[Stored data entries]
☆ ☆ ☆
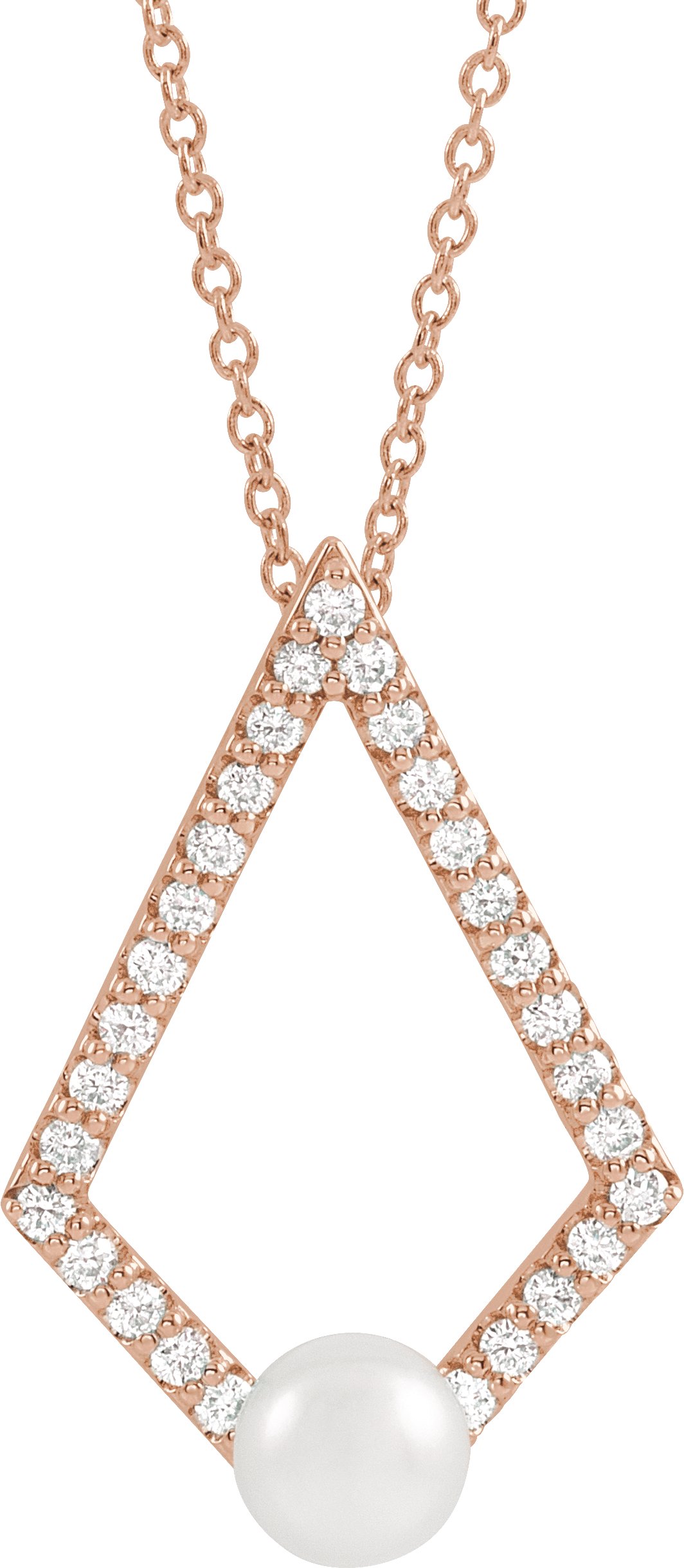14K Rose Freshwater Cultured Pearl & 1/4 CTW Diamond Geometric 16 18 inch Necklace
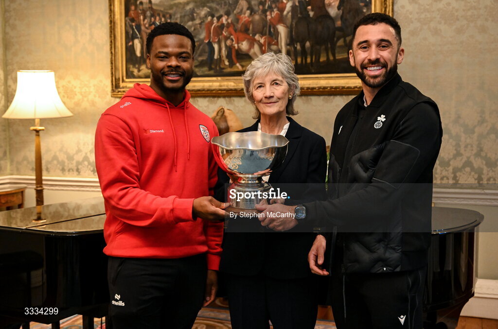 29 January 2026; The President of Ireland Catherine Connolly receives FAI President's Cup representatives Derry City's Dipo Akinyemi and Shamrock Rovers captain Roberto Lopes, right, at Áras an Uachtaráin in Dublin. On Saturday 31st January, last season’s SSE Airtricity Men’s Premier Division and Sports Direct FAI Men’s Cup winers Shamrock Rovers will play SSE Airtricity Men’s Premier Division runners-up Derry City at Tallaght Stadium. On Sunday 8th March, 2025 SSE Airtricity Women’s Premier Division and Sports Direct FAI Women's Cup winners Athlone Town will play the SSE Airtricity Women’s Premier Division runners-up Shelbourne at Athlone Town Stadium. Photo by Stephen McCarthy/Sportsfile
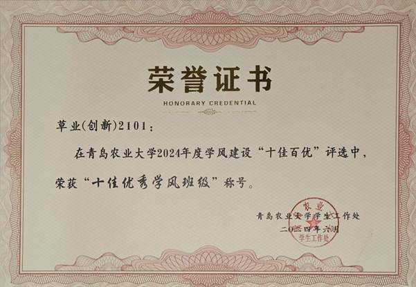 从理想信念的坚守、到专业知识的砺学,从双创实践的拼搏、到实验室里的求真,从社区里的志愿服务、到田间地头的躬耕笃行……草业(创新)2101 班的同学们,用他们的团结奋进绘就青春底色,以坚守初心书写精彩华章。未来,期待他们继续在我国草牧业发展的征程中贡献蓬勃的青春力量。
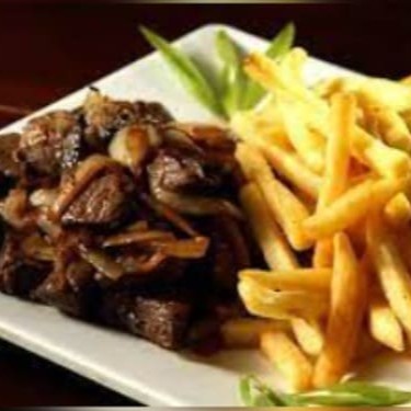 Cubos suculentos de carne de sol dourados na medida, servidos com batata frita crocante.
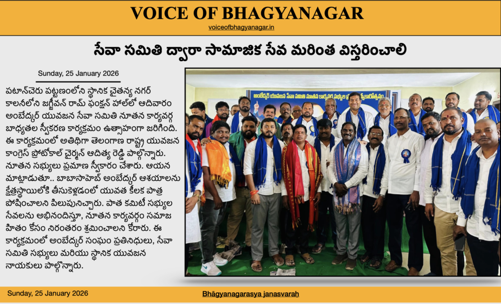 Addressing the gathering, Aditya Reddy urged the youth to play a vital role in taking the ideals and vision of Babasaheb Dr. B.R. Ambedkar to the grassroots level. He praised the contributions and services of the previous committee members and encouraged the new executive body to work continuously and selflessly for the welfare of society. Representatives of various Ambedkar associations, members of the Seva Samiti, and local youth leaders participated in the programme.
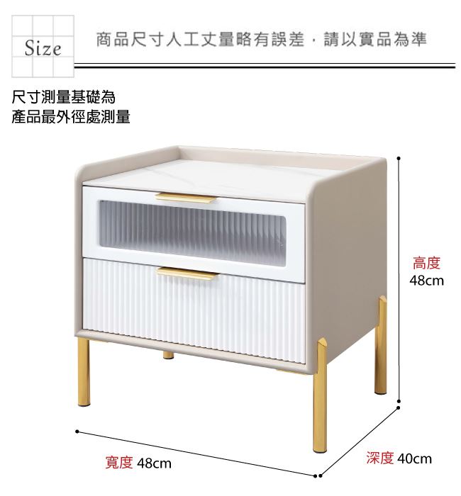 材質 | ◆產品名稱:【綠家居】厄利1.6尺岩板二抽床頭櫃 尺寸:(寬)48x(深)40(高)48/公分 ◆材質: 材質:防潮MDF板材+防鏽金漆腳座+五金滑軌結構+6mm高硬度岩板桌面 噴漆:防潮亮面噴漆處理
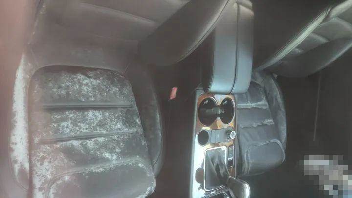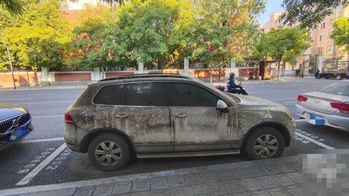 這輛停在杭州文二西路競舟路交叉口南側路面泊位上的SUV,實在太「顯眼」:白色的車身已經被厚厚的污漬染成灰黃色,灰塵厚到可以用來「涂鴉」;前后雨刷、包括車頂的行李架內都堆滿了腐爛的樹葉和污垢;車窗上像是抹上了膠水,用手觸摸都帶著黏性,湊近向內看,車輛的座椅上都已經發霉長斑……毫不客氣的說,這輛車渾身上下沒有一處干凈的地方,就像是一個蓬頭垢面的流浪漢。
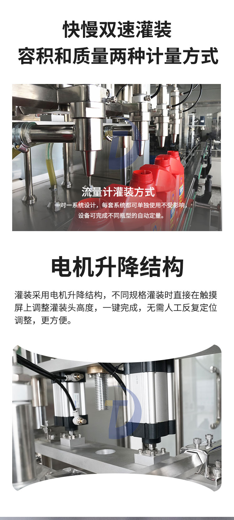全自動潤滑油灌裝主機采用流量計的灌裝方式,一對一系統(tǒng)設(shè)計,4頭灌裝機采用4套供料系統(tǒng)單灌裝主機采用流量計的灌裝方式,一對一系統(tǒng)設(shè)計,每套系統(tǒng)都可單獨使用不受影響,設(shè)備可完成不同瓶型的自動定量;灌裝頭自帶回吸功能,防止油品外溢,灌裝機頂部帶有儲料箱,儲料箱內(nèi)部免存料設(shè)計,儲料箱內(nèi)要有高、低液位裝置,高、低液位信號要求是24V、4~20mA,由接線端子輸出。
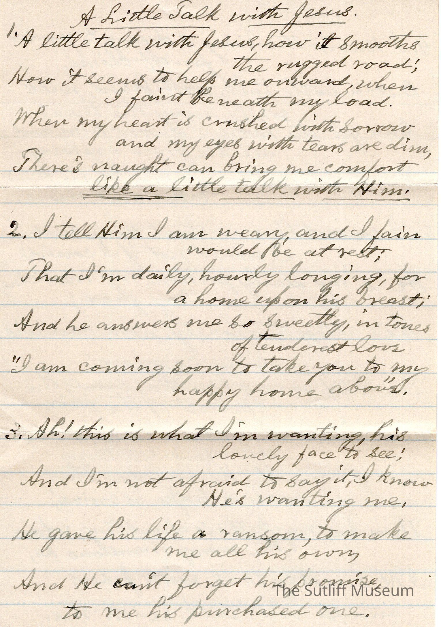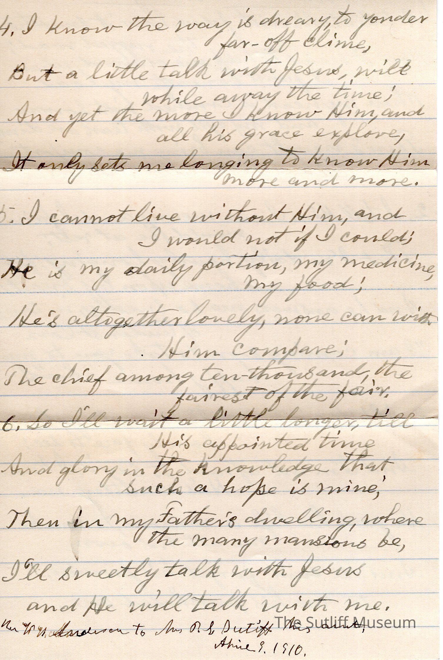 A letter from W.W. Anderson to Mrs. P.L. Sutliff, his aunt, titled "A Little Talk with Jesus."Archive Details
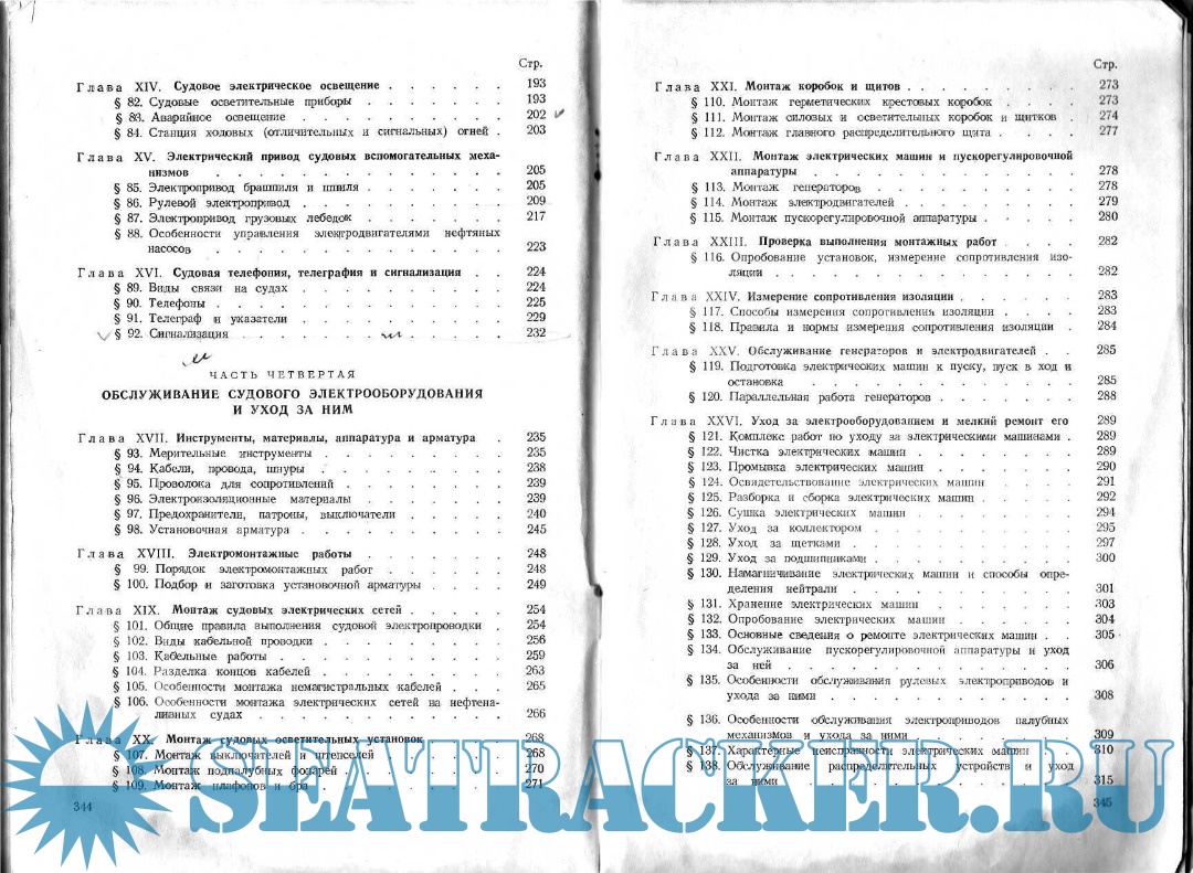 Третья часть посвящена электрическому оборудованию судов: генераторам, распределительным системам, кабельным сетям, заземлению, защитам, эксплуатации в морских условиях. В заключительной, четвёртой части, представлены практические указания, технологические процессы монтажа, ремонта и обслуживания электрического оборудования на судах, вопросы безопасности и особенностей морской эксплуатации. Книга снабжена схемами, чертежами и рисунками черно-белого исполнения, что делает её удобным справочным пособием как для учащихся морских училищ, так и для действующих специалистов.
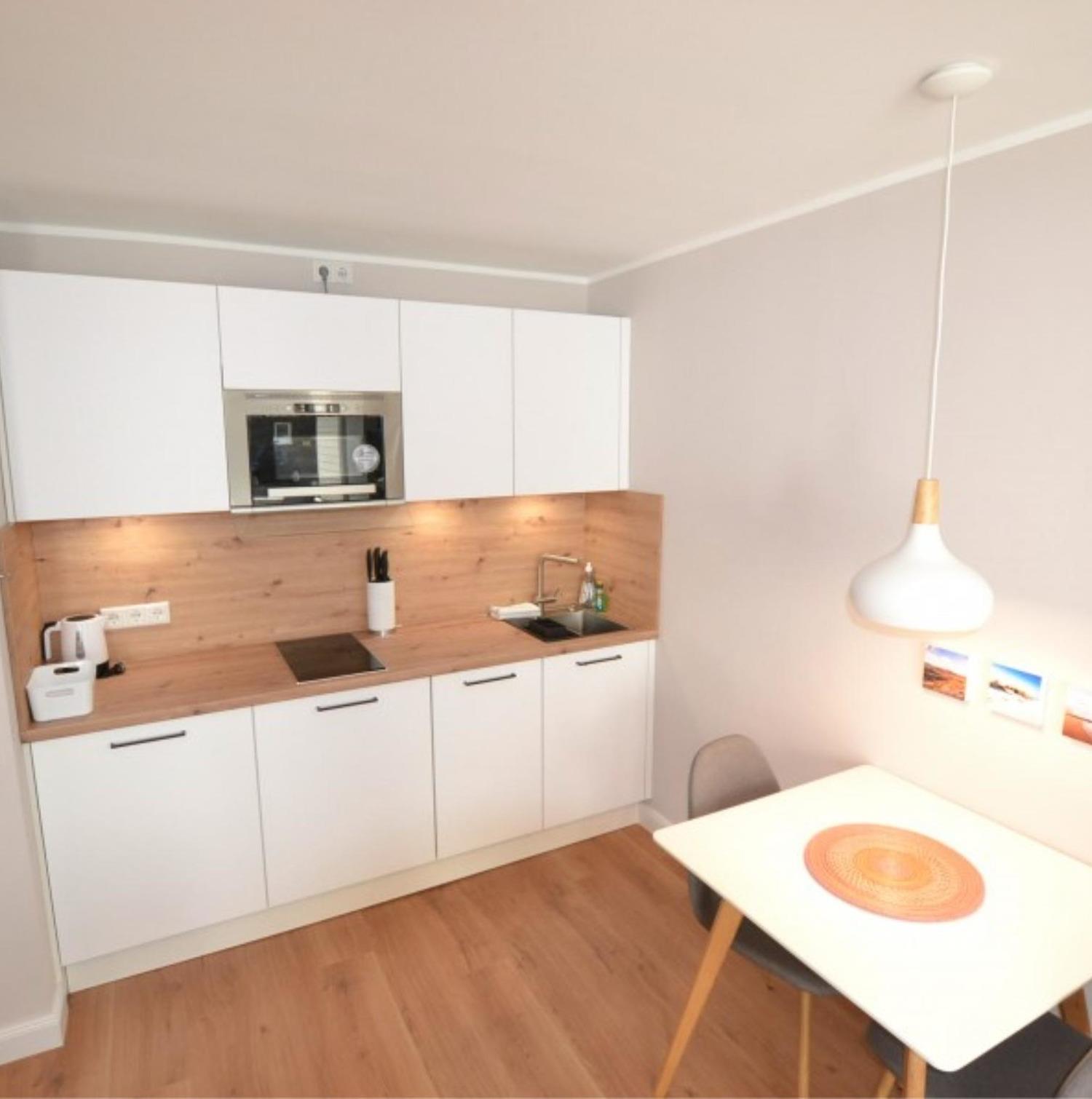 Das gemütliche und freundliche Appartement bietet Platz für bis zu 2 Personen und ist ideal für Paare oder Alleinreisende. Die moderne Einrichtung umfasst ein komfortables Boxspringbett (180x200 cm), in dem Sie wunderbar schlafen werden. Die Süd-Loggia lädt zum Verweilen ein – genießen Sie hier Ihr Frühstück oder ein Glas Wein am Abend, während die Sylter Brise sanft durch die Luft weht.
☆ ☆ ☆
> **WORK TO COMPLETE**
Copy the data exactly. Any picture it contains is to be omitted.

> **ANSWER TO THIS PROBLEM**
14K Rose Freshwater Cultured Pearl & 1/4 CTW Diamond Geometric 16 18 inch Necklace
 29 January 2026; The President of Ireland Catherine Connolly receives FAI President's Cup representatives Derry City's Dipo Akinyemi and Shamrock Rovers captain Roberto Lopes, right, at Áras an Uachtaráin in Dublin. On Saturday 31st January, last season’s SSE Airtricity Men’s Premier Division and Sports Direct FAI Men’s Cup winers Shamrock Rovers will play SSE Airtricity Men’s Premier Division runners-up Derry City at Tallaght Stadium. On Sunday 8th March, 2025 SSE Airtricity Women’s Premier Division and Sports Direct FAI Women's Cup winners Athlone Town will play the SSE Airtricity Women’s Premier Division runners-up Shelbourne at Athlone Town Stadium. Photo by Stephen McCarthy/Sportsfile
 从理想信念的坚守、到专业知识的砺学,从双创实践的拼搏、到实验室里的求真,从社区里的志愿服务、到田间地头的躬耕笃行……草业(创新)2101 班的同学们,用他们的团结奋进绘就青春底色,以坚守初心书写精彩华章。未来,期待他们继续在我国草牧业发展的征程中贡献蓬勃的青春力量。
 Cubos suculentos de carne de sol dourados na medida, servidos com batata frita crocante.
 Addressing the gathering, Aditya Reddy urged the youth to play a vital role in taking the ideals and vision of Babasaheb Dr. B.R. Ambedkar to the grassroots level. He praised the contributions and services of the previous committee members and encouraged the new executive body to work continuously and selflessly for the welfare of society. Representatives of various Ambedkar associations, members of the Seva Samiti, and local youth leaders participated in the programme.
 材質 | ◆產品名稱:【綠家居】厄利1.6尺岩板二抽床頭櫃 尺寸:(寬)48x(深)40(高)48/公分 ◆材質: 材質:防潮MDF板材+防鏽金漆腳座+五金滑軌結構+6mm高硬度岩板桌面 噴漆:防潮亮面噴漆處理
 這輛停在杭州文二西路競舟路交叉口南側路面泊位上的SUV,實在太「顯眼」:白色的車身已經被厚厚的污漬染成灰黃色,灰塵厚到可以用來「涂鴉」;前后雨刷、包括車頂的行李架內都堆滿了腐爛的樹葉和污垢;車窗上像是抹上了膠水,用手觸摸都帶著黏性,湊近向內看,車輛的座椅上都已經發霉長斑……毫不客氣的說,這輛車渾身上下沒有一處干凈的地方,就像是一個蓬頭垢面的流浪漢。
全自動潤滑油灌裝主機采用流量計的灌裝方式,一對一系統(tǒng)設(shè)計,4頭灌裝機采用4套供料系統(tǒng)單灌裝主機采用流量計的灌裝方式,一對一系統(tǒng)設(shè)計,每套系統(tǒng)都可單獨使用不受影響,設(shè)備可完成不同瓶型的自動定量;灌裝頭自帶回吸功能,防止油品外溢,灌裝機頂部帶有儲料箱,儲料箱內(nèi)部免存料設(shè)計,儲料箱內(nèi)要有高、低液位裝置,高、低液位信號要求是24V、4~20mA,由接線端子輸出。
 A letter from W.W. Anderson to Mrs. P.L. Sutliff, his aunt, titled "A Little Talk with Jesus."Archive Details
 Третья часть посвящена электрическому оборудованию судов: генераторам, распределительным системам, кабельным сетям, заземлению, защитам, эксплуатации в морских условиях. В заключительной, четвёртой части, представлены практические указания, технологические процессы монтажа, ремонта и обслуживания электрического оборудования на судах, вопросы безопасности и особенностей морской эксплуатации. Книга снабжена схемами, чертежами и рисунками черно-белого исполнения, что делает её удобным справочным пособием как для учащихся морских училищ, так и для действующих специалистов.
 Das gemütliche und freundliche Appartement bietet Platz für bis zu 2 Personen und ist ideal für Paare oder Alleinreisende. Die moderne Einrichtung umfasst ein komfortables Boxspringbett (180x200 cm), in dem Sie wunderbar schlafen werden. Die Süd-Loggia lädt zum Verweilen ein – genießen Sie hier Ihr Frühstück oder ein Glas Wein am Abend, während die Sylter Brise sanft durch die Luft weht.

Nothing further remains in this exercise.